[Assignment] Please retype the entries below exactly, only from their first line through the line containing "Para sempre em", leaving every picture out.

[Extracted records]
◇ ◇ ◇

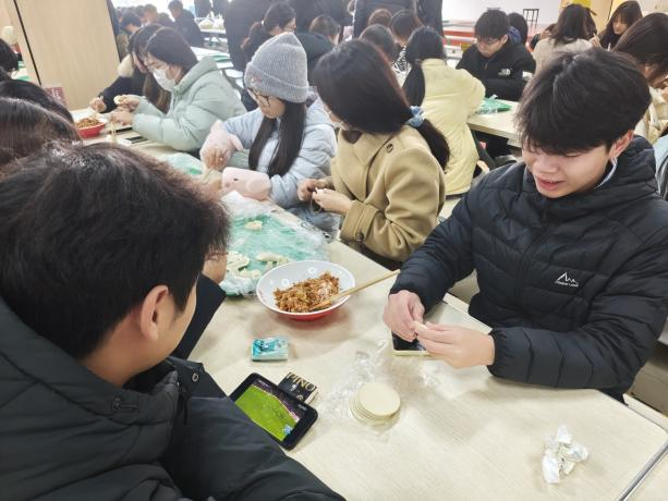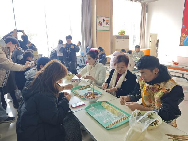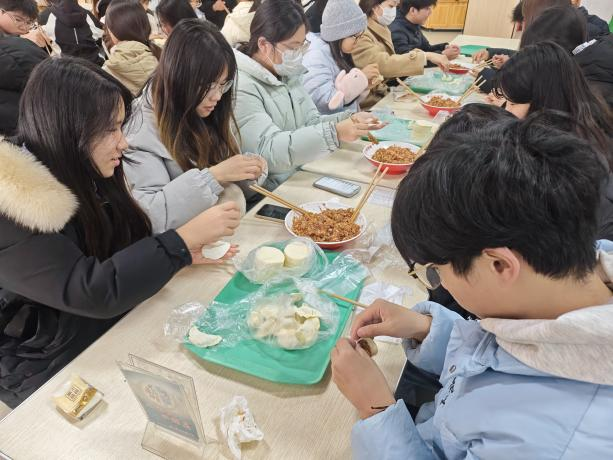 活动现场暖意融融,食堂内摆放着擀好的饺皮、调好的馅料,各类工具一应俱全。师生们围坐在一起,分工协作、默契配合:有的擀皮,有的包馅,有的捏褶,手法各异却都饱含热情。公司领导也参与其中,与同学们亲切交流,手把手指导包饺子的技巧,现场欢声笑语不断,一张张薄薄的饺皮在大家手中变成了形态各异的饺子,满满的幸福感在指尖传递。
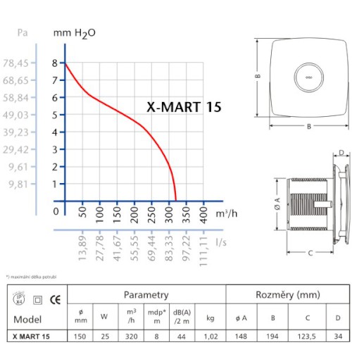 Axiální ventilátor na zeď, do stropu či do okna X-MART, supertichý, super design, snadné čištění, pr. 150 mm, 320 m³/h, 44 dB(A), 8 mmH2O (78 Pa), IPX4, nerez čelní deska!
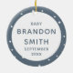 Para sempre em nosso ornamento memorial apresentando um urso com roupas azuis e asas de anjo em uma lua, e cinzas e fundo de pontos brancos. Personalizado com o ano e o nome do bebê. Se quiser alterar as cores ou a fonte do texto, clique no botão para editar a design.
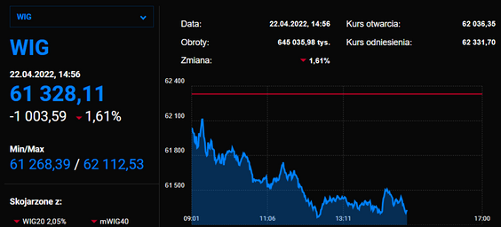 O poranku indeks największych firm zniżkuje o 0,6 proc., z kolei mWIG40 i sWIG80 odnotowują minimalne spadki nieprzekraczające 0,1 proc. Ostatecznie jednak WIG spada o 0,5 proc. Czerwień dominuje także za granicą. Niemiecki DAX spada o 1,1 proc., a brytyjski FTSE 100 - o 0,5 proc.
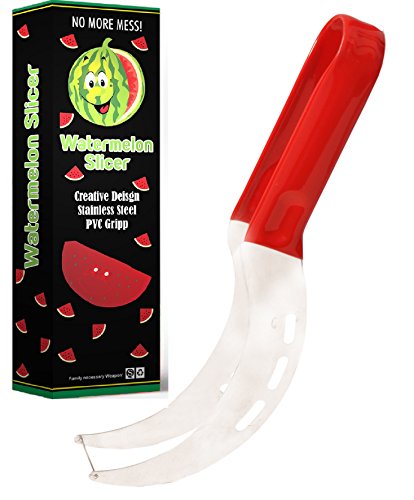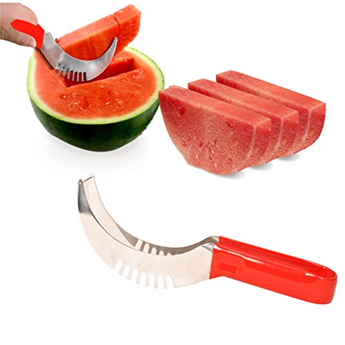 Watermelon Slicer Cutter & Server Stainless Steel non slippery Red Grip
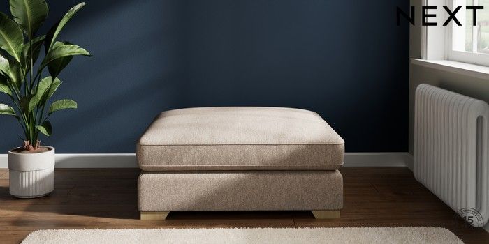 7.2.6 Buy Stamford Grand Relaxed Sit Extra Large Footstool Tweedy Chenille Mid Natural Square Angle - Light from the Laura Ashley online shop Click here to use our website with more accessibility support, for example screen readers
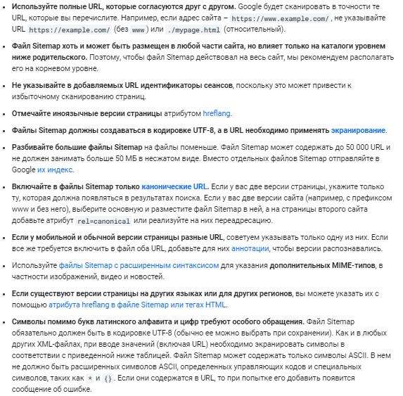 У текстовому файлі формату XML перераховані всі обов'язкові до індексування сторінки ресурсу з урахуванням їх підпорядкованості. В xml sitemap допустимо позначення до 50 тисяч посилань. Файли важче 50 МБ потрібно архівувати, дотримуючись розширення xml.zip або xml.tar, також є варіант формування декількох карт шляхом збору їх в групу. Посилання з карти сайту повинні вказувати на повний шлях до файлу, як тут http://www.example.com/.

◇ ◇ ◇

[Response area]
 活动现场暖意融融,食堂内摆放着擀好的饺皮、调好的馅料,各类工具一应俱全。师生们围坐在一起,分工协作、默契配合:有的擀皮,有的包馅,有的捏褶,手法各异却都饱含热情。公司领导也参与其中,与同学们亲切交流,手把手指导包饺子的技巧,现场欢声笑语不断,一张张薄薄的饺皮在大家手中变成了形态各异的饺子,满满的幸福感在指尖传递。
 Axiální ventilátor na zeď, do stropu či do okna X-MART, supertichý, super design, snadné čištění, pr. 150 mm, 320 m³/h, 44 dB(A), 8 mmH2O (78 Pa), IPX4, nerez čelní deska!
 Para sempre em nosso ornamento memorial apresentando um urso com roupas azuis e asas de anjo em uma lua, e cinzas e fundo de pontos brancos. Personalizado com o ano e o nome do bebê. Se quiser alterar as cores ou a fonte do texto, clique no botão para editar a design.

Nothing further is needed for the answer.